Разглядев наконец красный Хлопушин чекмень и думая, что это сам Пугачев, заключенные упали ему в ноги:
– Батюшка-государь ты наш!.. За свободу спасибо!..
– Встаньте, ребятушки. Не государь я, а только слуга его верный, такой же холоп, как и вы, – ласково сказал Хлопуша, затем приказал: – Колодки с них немедля сбить! Одежу выдать какую
получше, накормить и напоить.Когда отошли от «каморы», у Жженого вырвалось горячо:
– Эх, приказчика бы отыскать. Я бы с ним за всех рассчитался!
– Нашли уж, – откликнулся Чумак. – В церкви под престолом прятался.
– Судить его и всех остальных будем всем миром, – сказал строго Хлопуша. – Прикажи, Чумак, чтобы всех виновных перед царем-батюшкой согнали на литейный двор. Там и будет суд.
На шихтплаце, около домны, поставили для Хлопуши раззолоченное штофное кресло, то самое, в котором нежился когда-то у печки ротмистр Повидла. За спиной Хлопуши встали его есаулы – Жженый, Чумак, башкирин Шакир. Невдалеке от кресла поставили плаху – сосновый обрубок с воткнутым в него большим топором. Около плахи приводили к присяге новому царю Петру III.
Заводской поп с широким, красно-лиловым от пьянства лицом, с прилизанными квасом волосами, в засаленном на брюхе подряснике и в лаптях, с перепугу держал в руках икону вниз головой. Работные, не замечая этого, кланялись Хлопуше, крестились, крепко прижимая пальцы ко лбу, и целовали перевернутую икону. В этом и заключалась присяга.
В очереди присягающих стояли заводские солдаты-инвалиды и верхнеяицкие гусары с распущенными по плечам пудреными волосами, в знак согласия стричься в казаки. Они сами пилили друг другу косы тесаками, хохоча и зубоскаля.

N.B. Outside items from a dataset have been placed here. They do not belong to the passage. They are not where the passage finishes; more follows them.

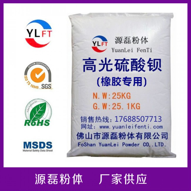 高光硫酸鋇用途;補充填料,可用于耐酸橡膠制品和一般制品,還可用作與表面涂布劑,上漿劑,加重劑,亦用于塑料,涂料,橡膠,油漆,油墨,陶瓷,蓄電池,搪瓷等。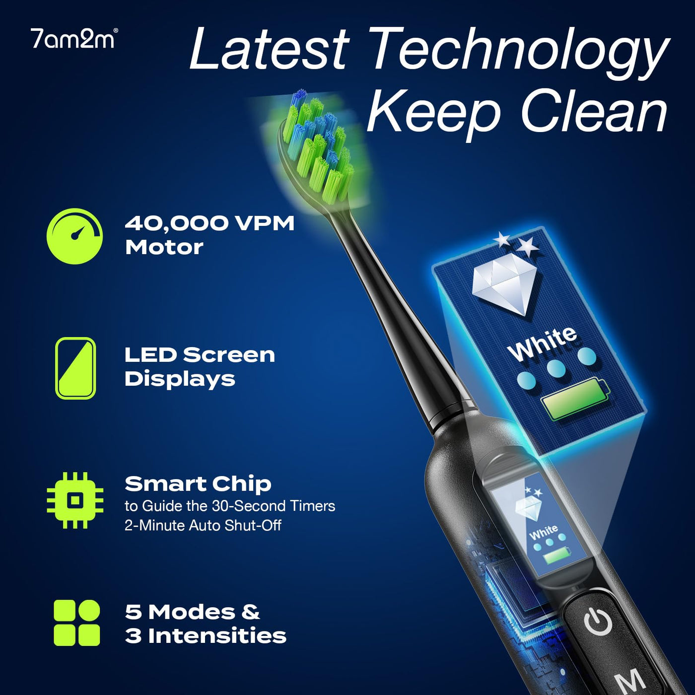 7AM2M Electric Toothbrush for Adults & Teens with LED Screen, 3 Intensity Levels & 5 Modes, One Charge for 90 Days, Fast Charge & Holder, 2 Mins Built in Smart Timer, with 8 Brush Heads (Black)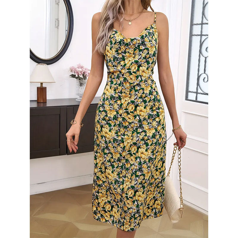 Denna klänning är idealisk för sommarens alla tillfällen, från en avslappnad dag i parken till en elegant kväll med vänner. Den figurnära silhuetten framhäver din kropp på ett smakfullt sätt och ger en feminin look.

Лишь один старик капрал не распустил волос и, по-видимому, не желал присягать. Он стоял угрюмый и злой в стороне, а белая пудренная мукой косичка его нелепо торчала из-под надвинутой на лоб меховой шапки-ушанки.
– С него и начнем, – Хлопуша указал на капрала. – Эй, служба, подь-ка сюда поближе!

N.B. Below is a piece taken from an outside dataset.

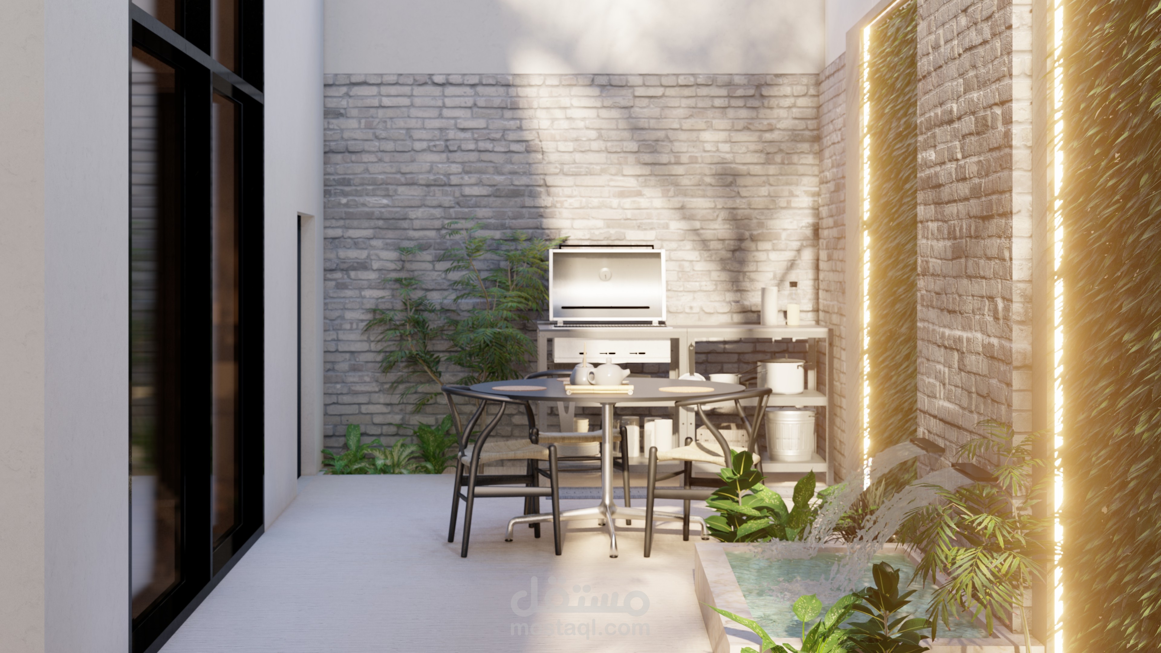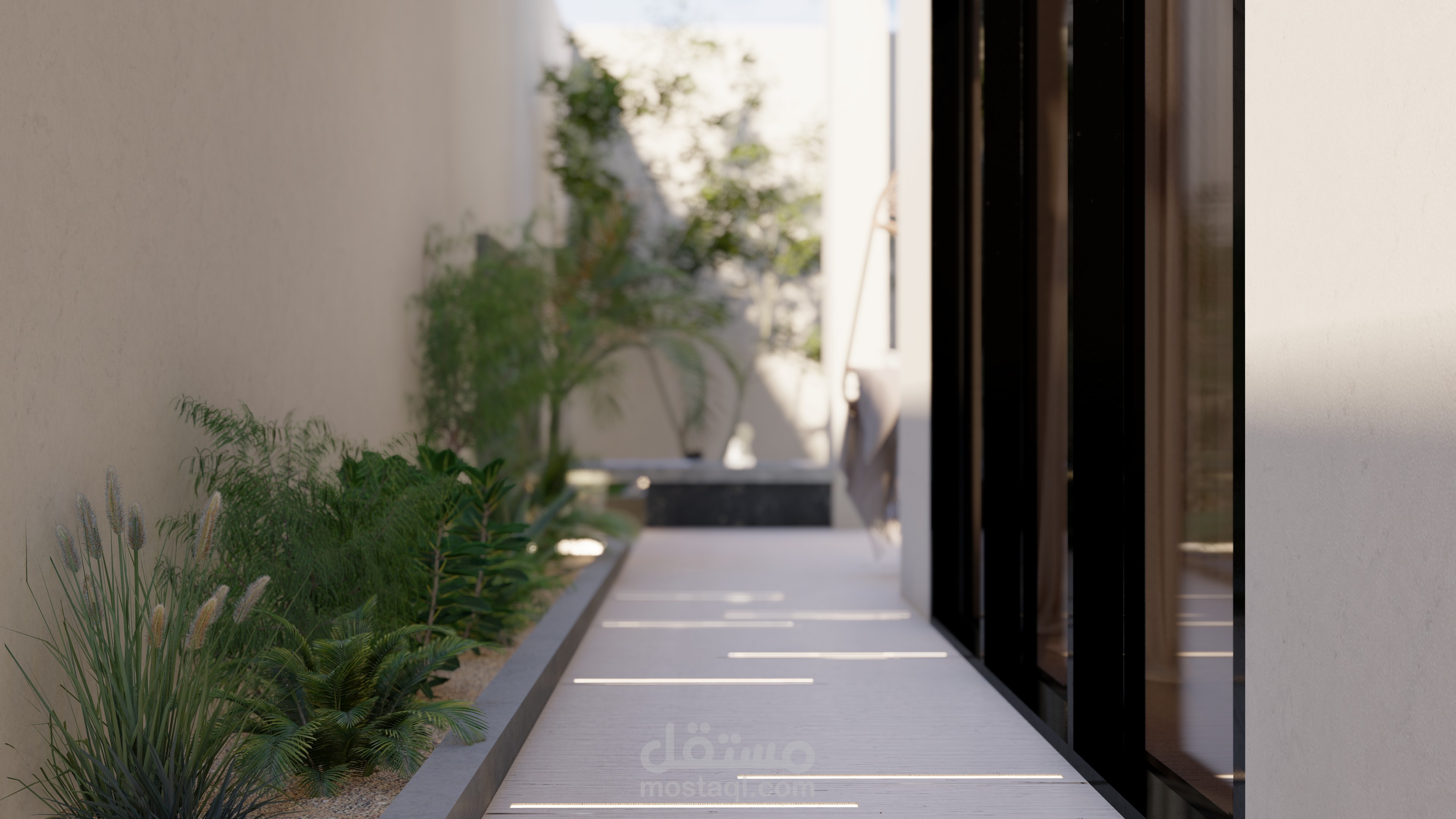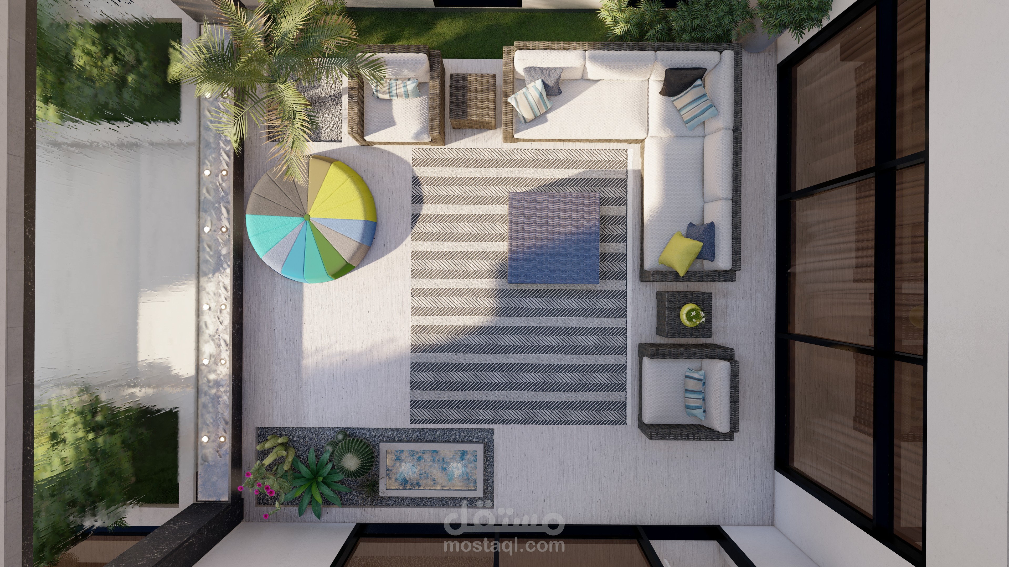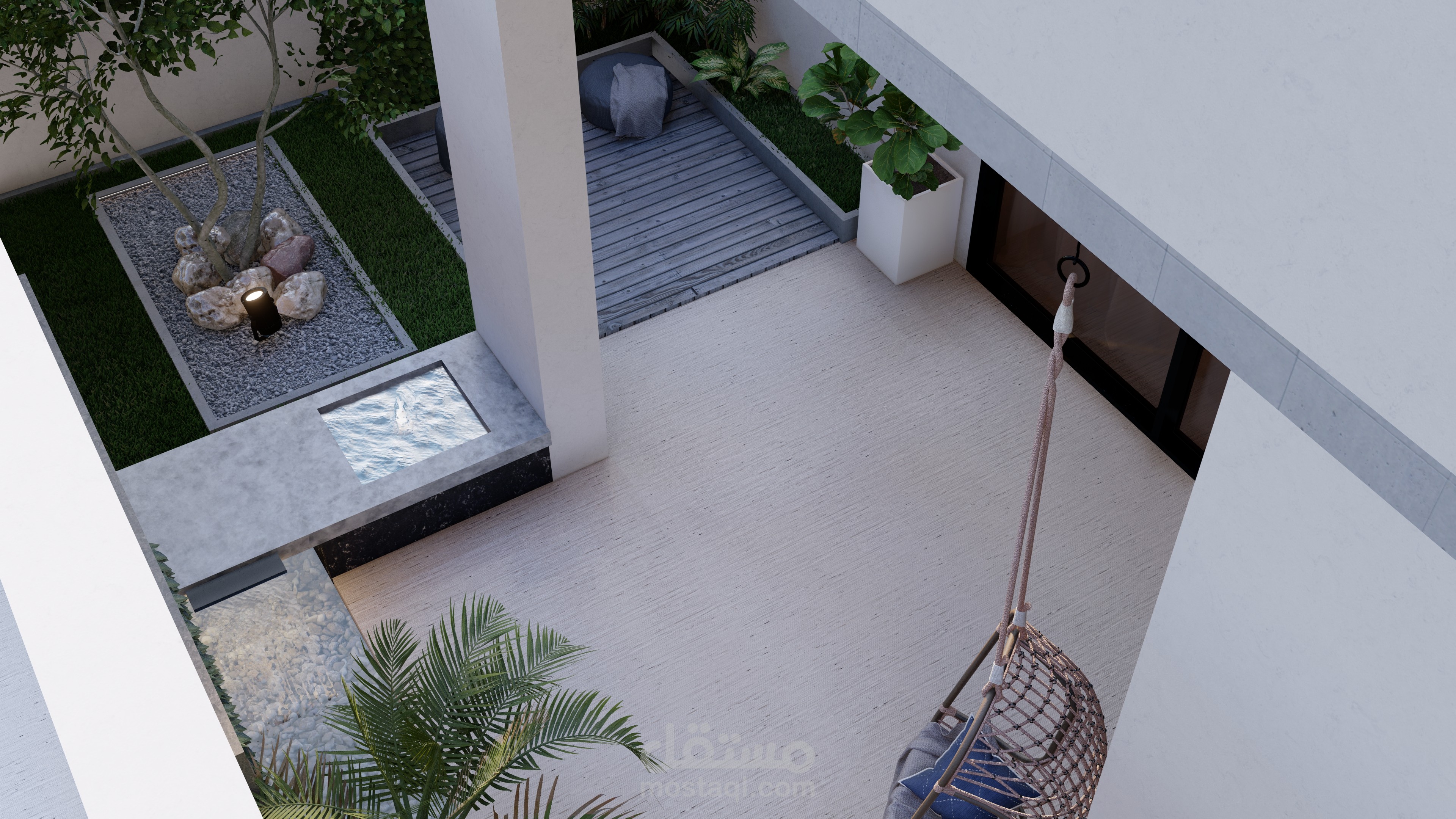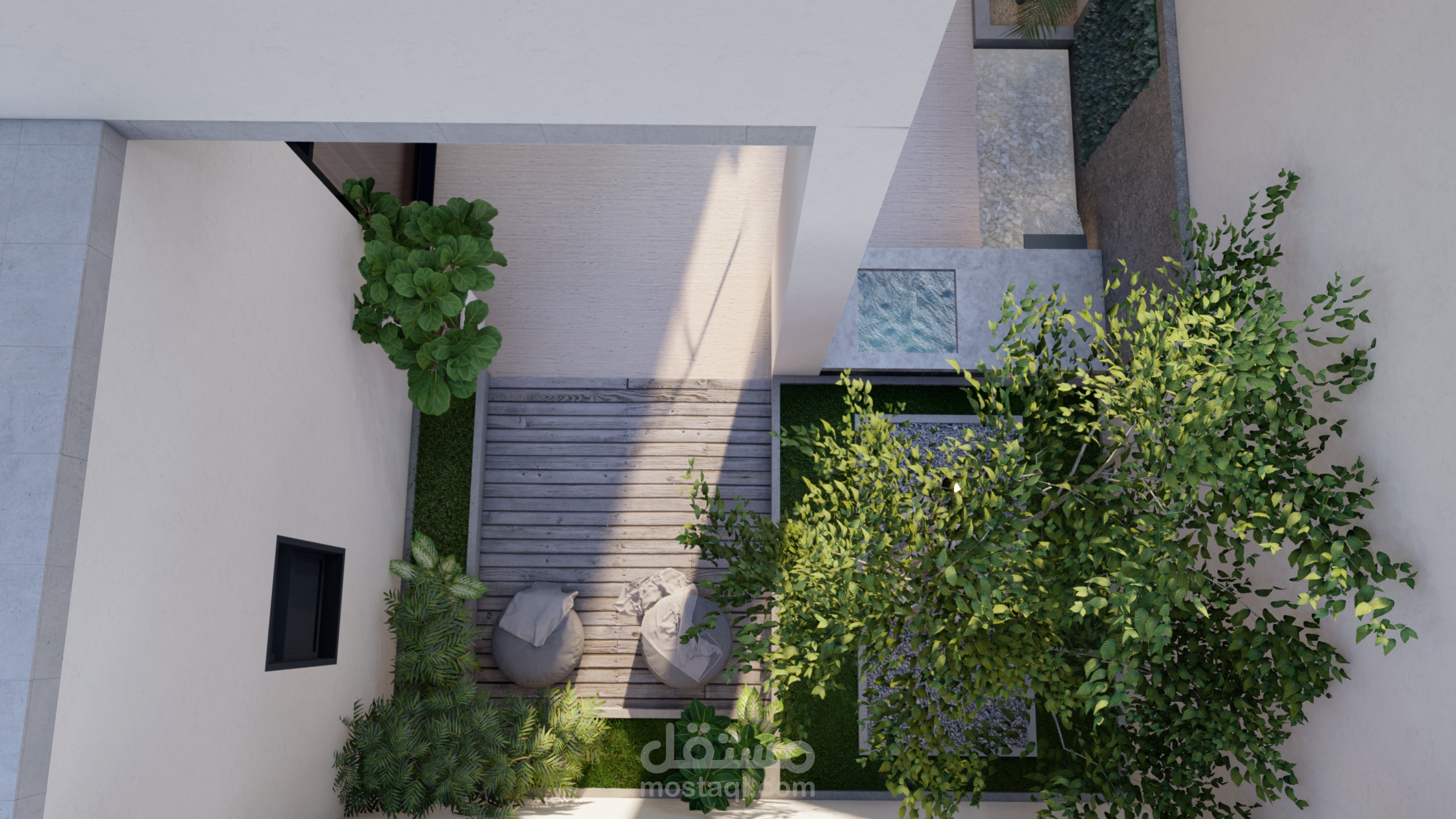 لاندسكيب لفيلا مقسم لثلاث مناطق منهم فناء داخلي

Капрал, с пробитою стрелой рукой на перевязи, подошел и встал против кресла, вытянувшись по-военному.
– Здорово, старый знакомец! – насмешливо поздоровался Хлопуша. – Ай не узнаешь?
– Не могу признать! – хрипло, но четко, словно рапортуя, ответил капрал.
– А помнишь, на тракту караванного приказчика с Источенского завода? Помнишь, когда ты мертвяков из Чердыни вез?
Капрал ответил покорно:
– Что ж, что мертвяков. Прикажут, и мертвяков повезешь. Солдат должен выполнять приказ начальства столь быстро и столь точно, сколь можно, – назидательно закончил он.
– Слышу это от тебя не впервой. А как ты смел, смерд, стрелять из пушки по цареву войску? Как ты смел противиться воле его царского величества?
– Поступил по воинскому артикулу! – твердо ответил капрал. – Без приказа начальства не имел права объявить капитуляцию. Душой к вам лепился, а по воинскому артикулу открыл пальбу.
– Нечистый тебя разберет! Несешь и с Дона, и с моря, – раздраженно буркнул Хлопуша.
Он долго и внимательно разглядывал капрала. Цыганские его глаза ощупывали старика с ног до головы. Капрал стаял спокойный, чуть грустный – каблуки вместе, носки врозь.
– Я тебя, старого хрыча, обучу воинскому артикулу! – крикнул вдруг Хлопуша, крепко стукнув ладонями по подлокотникам кресла, и вскочил. – Ложи голову на плаху. Ложи счас же.